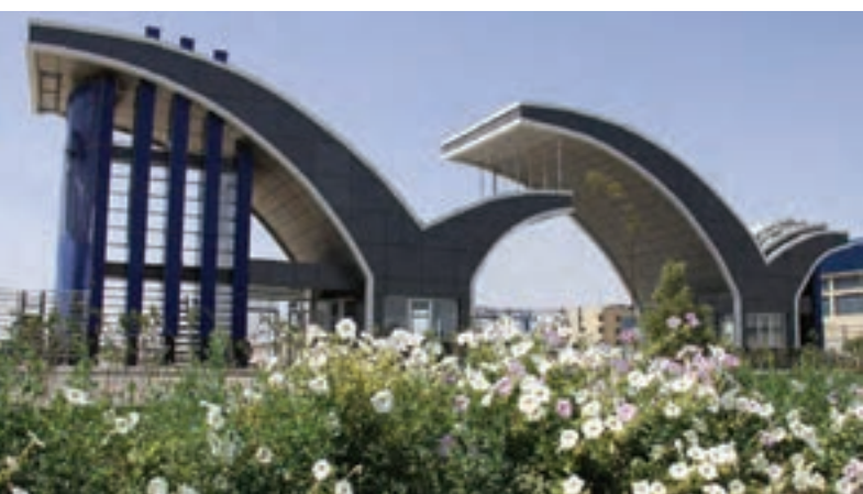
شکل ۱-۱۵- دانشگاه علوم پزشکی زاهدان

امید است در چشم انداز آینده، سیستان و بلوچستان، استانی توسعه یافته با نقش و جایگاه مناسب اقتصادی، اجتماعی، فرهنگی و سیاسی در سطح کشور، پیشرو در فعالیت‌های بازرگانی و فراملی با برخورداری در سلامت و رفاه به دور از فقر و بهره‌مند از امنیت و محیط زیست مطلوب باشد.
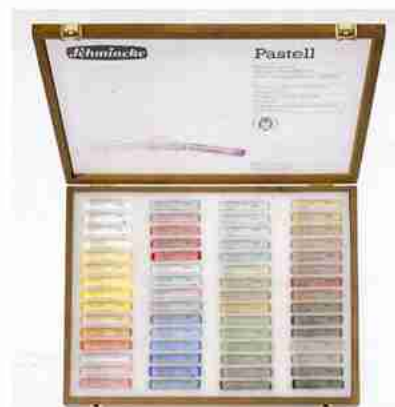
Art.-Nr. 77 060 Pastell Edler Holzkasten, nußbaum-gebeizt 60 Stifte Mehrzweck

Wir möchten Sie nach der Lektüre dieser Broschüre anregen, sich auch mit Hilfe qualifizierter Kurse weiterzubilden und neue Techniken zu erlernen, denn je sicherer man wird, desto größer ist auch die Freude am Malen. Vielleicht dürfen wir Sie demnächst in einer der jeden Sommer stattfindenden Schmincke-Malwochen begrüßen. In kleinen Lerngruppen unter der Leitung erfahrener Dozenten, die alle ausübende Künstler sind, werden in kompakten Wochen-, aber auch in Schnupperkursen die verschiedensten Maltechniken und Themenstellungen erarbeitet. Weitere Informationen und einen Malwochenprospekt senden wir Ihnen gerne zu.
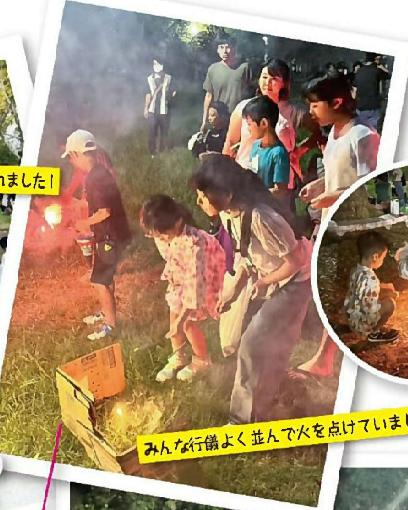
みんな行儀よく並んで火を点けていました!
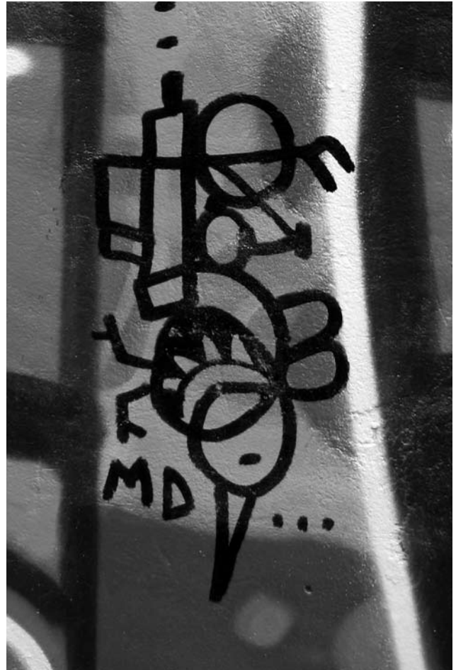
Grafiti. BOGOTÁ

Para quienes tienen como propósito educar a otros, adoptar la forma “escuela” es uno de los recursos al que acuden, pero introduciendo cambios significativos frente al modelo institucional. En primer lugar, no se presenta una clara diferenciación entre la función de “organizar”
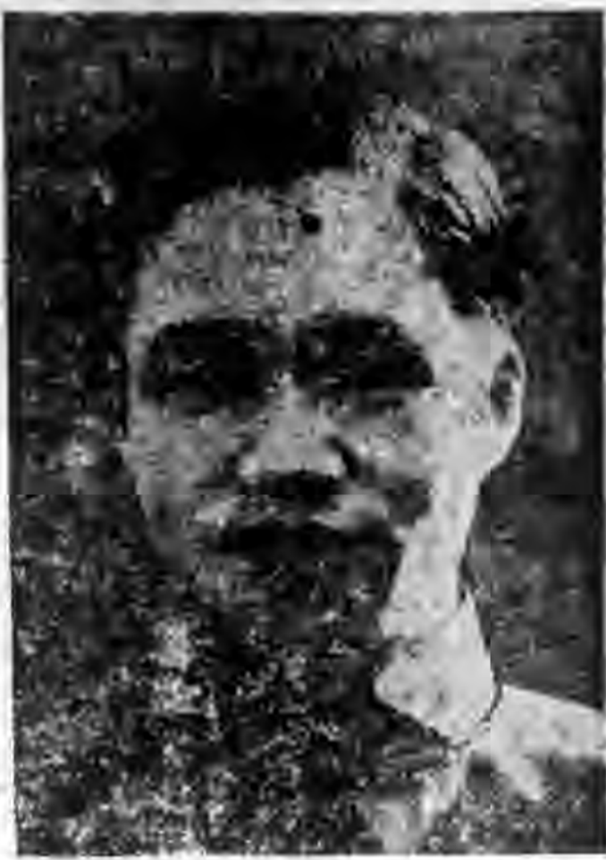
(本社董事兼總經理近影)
------------------------------------------------------------
PROBLEM DETAILS ::
The required output is the listing above reproduced exactly, pictures removed.

SOLUTION TO THE EXERCISE ::
شکل ۱-۱۵- دانشگاه علوم پزشکی زاهدان

امید است در چشم انداز آینده، سیستان و بلوچستان، استانی توسعه یافته با نقش و جایگاه مناسب اقتصادی، اجتماعی، فرهنگی و سیاسی در سطح کشور، پیشرو در فعالیت‌های بازرگانی و فراملی با برخورداری در سلامت و رفاه به دور از فقر و بهره‌مند از امنیت و محیط زیست مطلوب باشد.
Art.-Nr. 77 060 Pastell Edler Holzkasten, nußbaum-gebeizt 60 Stifte Mehrzweck

Wir möchten Sie nach der Lektüre dieser Broschüre anregen, sich auch mit Hilfe qualifizierter Kurse weiterzubilden und neue Techniken zu erlernen, denn je sicherer man wird, desto größer ist auch die Freude am Malen. Vielleicht dürfen wir Sie demnächst in einer der jeden Sommer stattfindenden Schmincke-Malwochen begrüßen. In kleinen Lerngruppen unter der Leitung erfahrener Dozenten, die alle ausübende Künstler sind, werden in kompakten Wochen-, aber auch in Schnupperkursen die verschiedensten Maltechniken und Themenstellungen erarbeitet. Weitere Informationen und einen Malwochenprospekt senden wir Ihnen gerne zu.
みんな行儀よく並んで火を点けていました!
Grafiti. BOGOTÁ

Para quienes tienen como propósito educar a otros, adoptar la forma “escuela” es uno de los recursos al que acuden, pero introduciendo cambios significativos frente al modelo institucional. En primer lugar, no se presenta una clara diferenciación entre la función de “organizar”
(本社董事兼總經理近影)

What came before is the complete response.